Thank you sweetheart for this wonderful post, and thank you even more for starting a blog. I could sit and read your writing for hours. I always go away from your writing loving Christ more. I always go away loving you more! I look so forward to the next two weeks; off from work, together with family, and celebrating the One who not only was born, but lived a perfect life and died absorbing the wrath deserved for us. I love you!
ReplyDeleteHey Sugar ---MOMMA here....on Dad's computer. I don't have the "finding the blog" thing down yet, and he already has it handy, soooo......
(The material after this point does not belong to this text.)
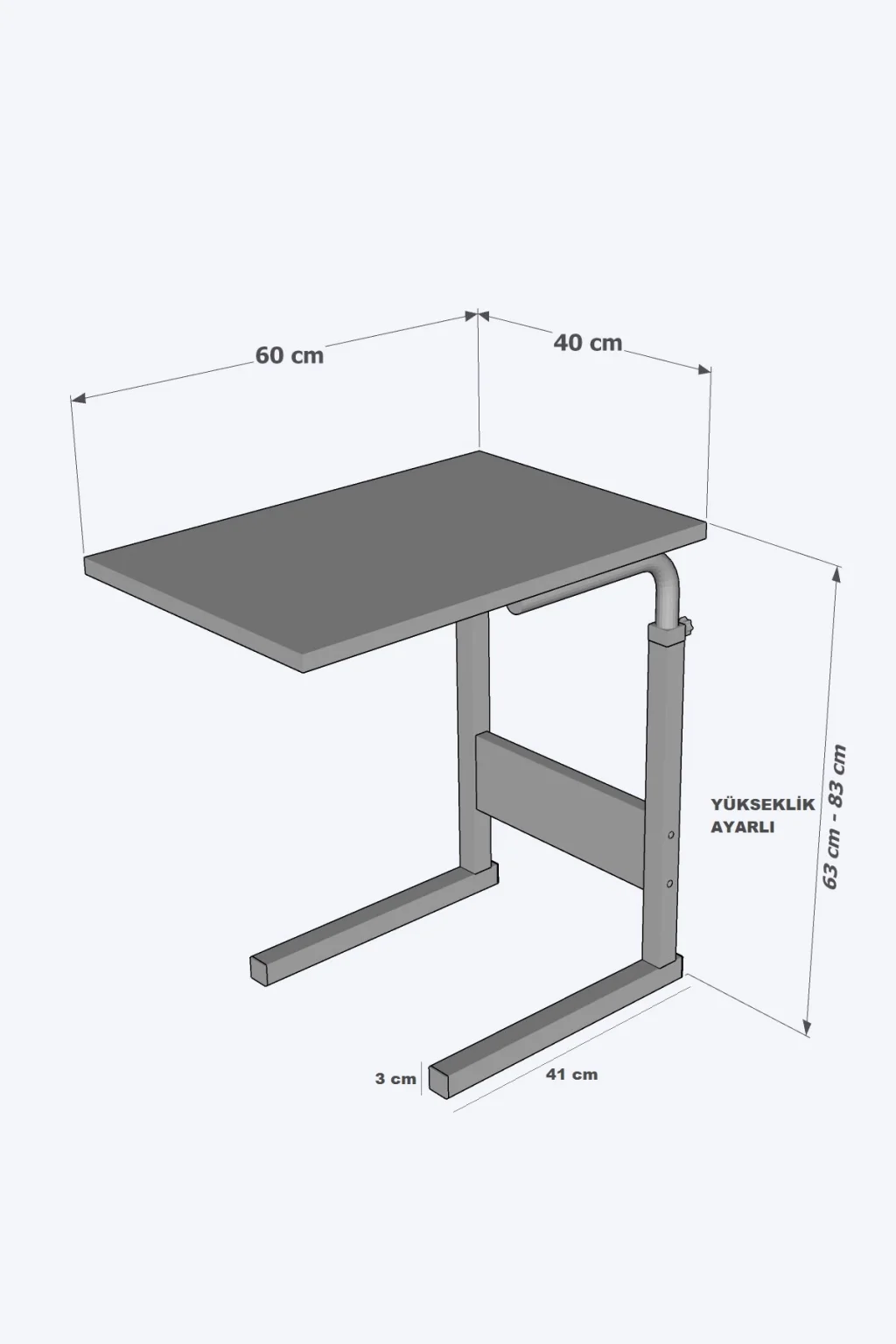 Üst Tabla Öçüsü En 60cm,Derinlik 40cm.Masa’nın ayarlanabilir yüksekliği 63-83cm.

ReplyDeleteLoved reading your impressions of "Messiah." My prayer over and over the whole time we were working on it was, "Lord, ALL for YOUR glory. ALL for YOU." Thank you for understanding in your sweet heart that that is truly what it is all about. One woman told me she followed along with the Scripture passages in her Bible. Love it!! Another said that "Messiah" was the most reverent thing we have done in our church. Love that too!! It was such a special joy to be worshipping God with Dad, Trey, and you.........and the added plus of Mike and Drew, DeLeith and Grant. Such generous blessing of our loving Father. Deserved?? Not by one hair. Appreciated?? With every fiber of my being. I love you!!